ABOUT


Lionel Popkin is a choreographer/performer/art-maker who creates kinetic scenarios, intertwining the cultural multiplicity between the imagery and iconography of the Indian subcontinent that surrounded his youth and his post-modern Western training. His mixed-race and malleable identity markers place him in a questionable position within the racial and social discourse created from the twin sins of genocide and slavery that formed the dominant power structures in America. His work questions how bodies, objects, and media are allowed to exist in time and space.

Lionel started dancing late. He was born and raised in the Midwest of what is now called the United Sates to an Indian mother and a Jewish father. Boys in Indiana in the 80s were sent to tennis lessons. Their sisters took ballet. Lionel took his first practice class, his first dance composition class, his first improvisation class and his first dance theory class all in the same year. They spoke back and forth. Cultural theory and alignment are intimate neighbors. For a while he improvised a lot. In Seattle Lionel danced with Stephanie Skura and did a few projects with Karen Nelson. Contact and Skinner Releasing Technique were his mainstays. Imagery fueled him. Being unsure of what forms might show up in rehearsal kept him going back into the room. He spun in circles for a few hours every once in awhile. In 1996 he moved east and started dancing for Terry Creach in an all-male company. Lionel used his proprioceptive reflexes more than he thought was possible. He also started teaching a lot - at Bates College, Sarah Lawrence College, and Temple University to name a few.

In 2000, he got into the Trisha Brown Company. His technique improved. He learned how to calibrate his performance energy for big rooms. He studied Klein/Mahler technique whenever he could. He learned repertory. He spent more time in opera rehearsals than he expected to. September 11th happened. When the airports opened up again Trisha insisted on walking through the terminal arm in arm with him. She understood bodies. She knew an old white lady could help a brown guy get through security.

During the decade from 2004-2013 Lionel made works that dealt with cross-cultural conversation between his post-modern training and the imagery and iconography of the Indian subcontinent that surrounded his youth. At one point he wore an elephant head, at another he put on his mother’s saris. He likes to think he looked good in both. Early in that adventure he went olfactory and cooked a curry on-stage. He had some kick ass collaborators (Bob Een, Carolyn Hall, Ishmael Houston Jones, Guy Klucevsek, and Peggy Piacenza to name a few) and was presented in a lot of amazing spaces (including Danspace Project, Abrons Arts Center and Dance Theater Workshop in New York City, The Getty Museum, the Skirball Cultural Center and REDCAT in Los Angeles, the Jacob's Pillow Inside/Out Series, The Painted Bride and Philadelphia Dance Projects in Philadelphia, ODC in San Francisco, The Place Theater in London, and the Guongdong Modern Dance Festival in Guongzhou, China). He even danced so much that he had to replace his shirt halfway through a tour.

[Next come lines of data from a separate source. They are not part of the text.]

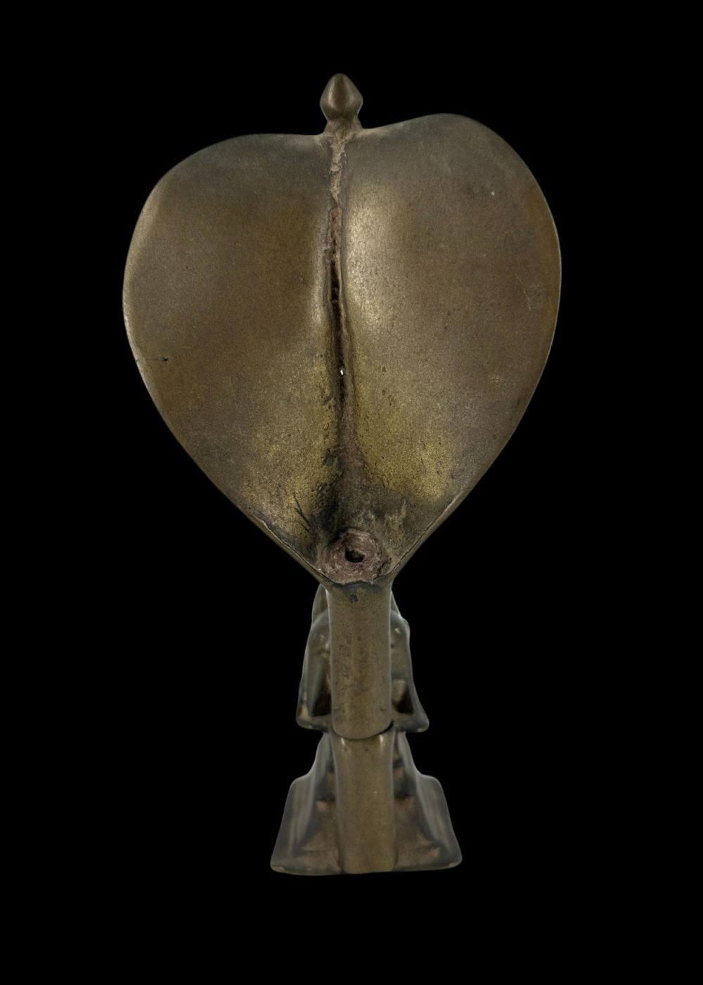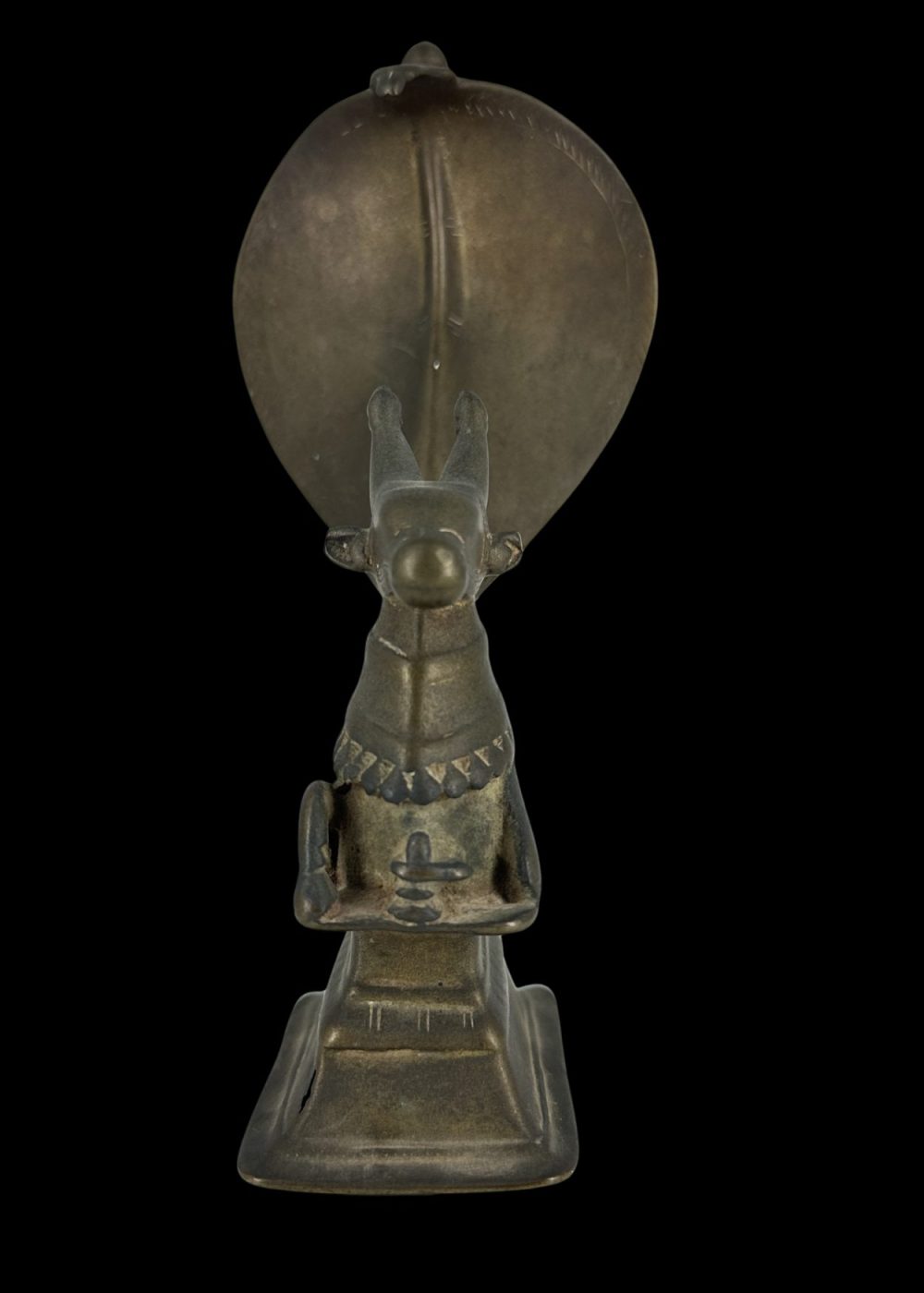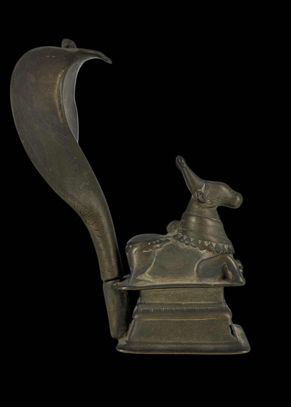 This brass sculpture from Maharashtra or Karnataka depicts Nandi, the sacred bull of Lord Shiva, seated in a composed posture. Adorned with a stylized ritual standard (dhwaja) behind him, the figure reflects the region’s mastery in metalcraft and its deep-rooted devotional traditions. Such objects were commonly used in temples or home shrines, symbolizing steadfast devotion, purity, and divine guardianship in Shaivite worship.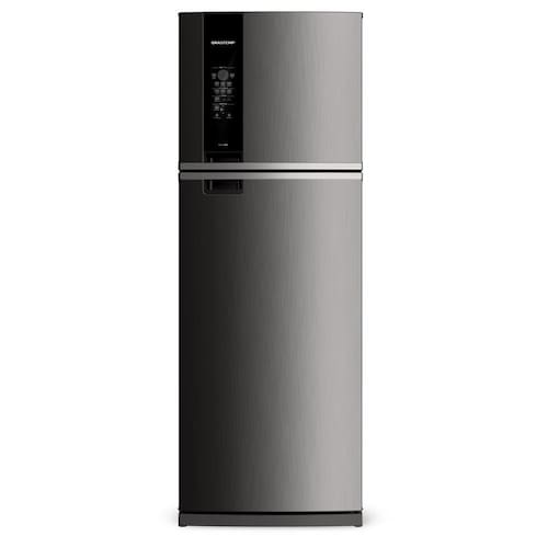 - Tensão: 220V - Capacidade Total: 400 Litros - Capacidade do Refrigerador: 311 Litros - Capacidade do freezer: 89 Litros - Potência: Não informado pelo Fabricante - Classificação Energética: Classificação A - Consumo: 57 KWh/mês - Cor: Evox - Prateleiras: 3 Prateleiras - Material Prateleiras: Vidro - Gavetas: Sim. 2 Gavetas - Recipiente para guardar gelo: Sim. 2 Formas - Porta ovos: Sim. 12 Ovos - Pés niveladores: Sim - Porta-latas: Sim - Porta reversível: Não - Iluminação interna: Sim. LED - Puxadores: Embutidos - Peso: 66 Kg - Dimensões (L x A x P): 62,1 X 185 cm x 78,5 cm - Modelo: BRM54HKBNA - Marca: Brastemp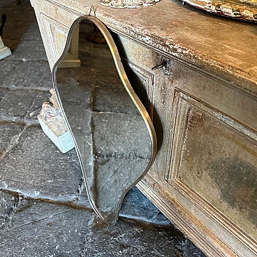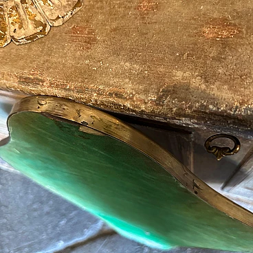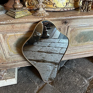 Specchio da parete in ottone progettato e realizzato in Italia da Luigi Fortuna nello stile di Gio Ponti. Questo specchio da parete a forma di pozzo è un pezzo straordinario ed elegante che cattura l'essenza del design di metà secolo. Ispirato al famoso architetto e designer italiano Gio Ponti, questo specchio riflette l'estetica elegante e sofisticata che ha definito l'epoca. Lo specchio è realizzato in ottone massiccio, un materiale comunemente utilizzato a metà del secolo scorso per la sua durata e il suo fascino lussuoso. L'ottone emana una luce calda e invitante, aggiungendo un tocco di opulenza a qualsiasi spazio. La cornice dello specchio è meticolosamente modellata e sagomata, mostrando linee e forme fluide che sono caratteristiche dello stile di Gio Ponti. La struttura in ottone è in patina originale e mostra la bellezza naturale del materiale. La sua superficie liscia ed elegante crea un contrasto accattivante con il vetro specchiato, amplificando le proprietà riflettenti dello specchio. La combinazione di ottone massiccio e vetro riflettente produce un armonioso gioco di luci e ombre, migliorando ulteriormente l'estetica del pezzo. Questo specchio da parete non è solo un oggetto funzionale ma anche un'opera d'arte che incarna l'eleganza e la raffinatezza del design di metà secolo. Emana un fascino senza tempo che si integra perfettamente con vari stili di interni, da quelli contemporanei a quelli di ispirazione retrò. Appeso in salotto, in camera da letto o in corridoio, questo specchio diventa un punto focale che eleva l'ambiente e aggiunge un tocco di fascino vintage.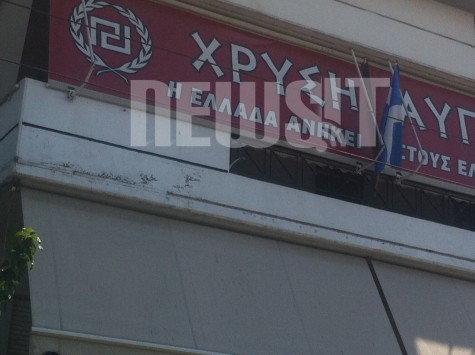 Ήδη απέναντι απ' τα γραφεία της Χρυσής Αυγής υπάρχει μια κλούβα των ΜΑΤ και λίγο πιο πάνω άλλοι αστυνομικοί. Με μια διαφορά όμως...

From 2013-2019 Lionel made works that revolved around the uncertainties within the domestic space. Inflatable furniture inhabited public parts and fancy galleries in one series of works. An exile’s dilemma became the subject of another work based on Sophocles’ Oedipus/Antigone trilogy as a tent and a lantern led Lionel and his collaborators through the theater at the Getty Villa in Malibu, CA. Since 2019, Lionel has moved into a residency at the performance/visual art focused 18th Street Arts Center. He began an archival examination of the objects from his own history alongside questioning how brown bodies have occupied American stages. Then the pandemic hit and the introversion multiplied. The installation/film Six Positions on Uncertainty and the Jacob’s Pillow podcast The Complexities of Indian Dance at the Pillow grew out the current process. The overall project, Orientation Events will premiere in the 2023-24 season with the help of a National Performance Network Creation Fund Award and is co-commissioned by REDCAT ion Los Angeles and Dance Place in Washington, DC.

Since 2006 Lionel has taught at UCLA. Teaching allows for a continual questioning of any and all assumptions he has about performance. The students keep him on his toes. Lionel has also received grants from multiple sources including the National Performance Network's Creation Fund, the National Dance Project Touring Subsidy, the Center for Cultural Innovation, the Puffin Foundation, the Doris Duke Charitable Foundation, and the Durfee Foundation. He is planning on this list getting longer in the near future.